El Duque de Edimbirgo se echa una siesta, al lado de la Reina Isabel II.

Las redes sociales se han convertido en muchas ocasiones en un hervidero de críticas e insultos hacia los rostros más famosos de las mismas, escudados por parte de muchos usuarios en el anonimato. Aunque las leyes ya protegen de este acoso, la Casa Real Británica ha creado unas pautas que sus seguidores deben cumplir para poder seguir sus cuentas oficiales.

Tanto Kate Middleton como Meghan Markle son el principal objetivo de los dardos de los haters, recibiendo insultos demoledores a través de la intranet. Con la intención de acabar con los comentarios obscenos u ofensivos todos los usuarios que se salten las normas serán bloqueados y eliminados de manera fulminante, avisando a la policía para que se tome medidas legales.

"Pedimos que cualquier persona involucrada con nuestros canales de medios sociales muestre cortesía, amabilidad y respeto hacia todos los demás miembros de nuestra comunidad", han publicado a modo de comunicado en las cuentas The Royal Family, Clarence House y Kensignton Palace.

Estas cuentas informan de los pasos de la reina Isabel II, Carlos de Inglaterra y Camila Parker Bowles, y como no, los príncipes Guillermo y Enrique de Inglaterra, así como de sus esposas.

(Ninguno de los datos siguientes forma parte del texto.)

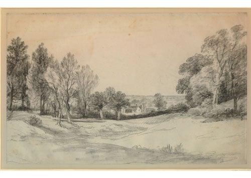 This characteristic example of Constable's landscape drawing in black chalk shows a wooded landscape, probably at Dedham. In its rhythm and large handling the work carries on the tradition of Gainsborough. It is full of light, and the subtly-graded half-tones are largely achieved by the use of the stump.
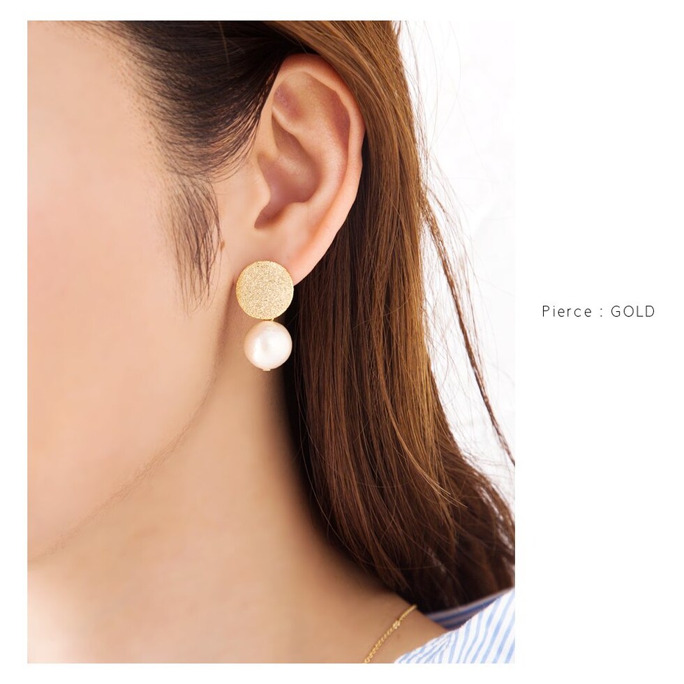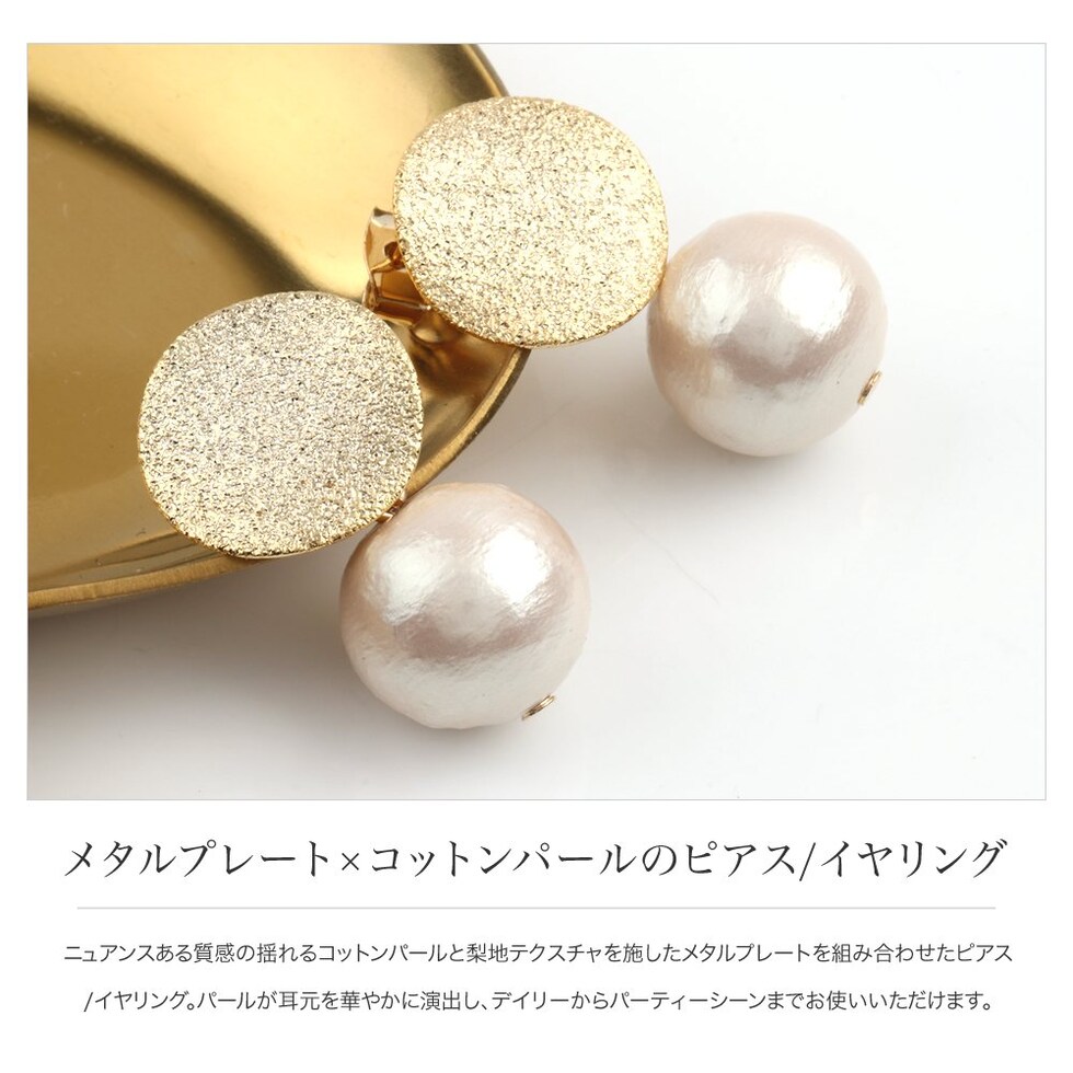 ニュアンスある質感の揺れるコットンパールと梨地テクスチャを施したメタルプレートを組み合わせたピアス/イヤリング。

Entre todas las cuentas suman más de 6'3 millones de seguidores en Twitter y más de 12 millones en Instagram.

Entre las normas publicadas destaca que los comentarios no pueden: "contener spam, contenido difamatorio hacia ninguna persona o material sexual o violento explícito", además se avisa que tampoco se puede fomentar "la discriminación por raza, género, religión, nacionalidad, discapacidad, edad u orientación sexual".

"El objetivo de nuestras redes sociales es crear un clima en el que nuestra comunidad pueda integrarse de manera segura en el debate y sea libre de hacer comentarios, preguntas o sugerencias", sentencia desde la Casa Real inglesa después de que sus perfiles se hayan convertido en los últimos meses en los objetivos de los haters más demoledores de la red.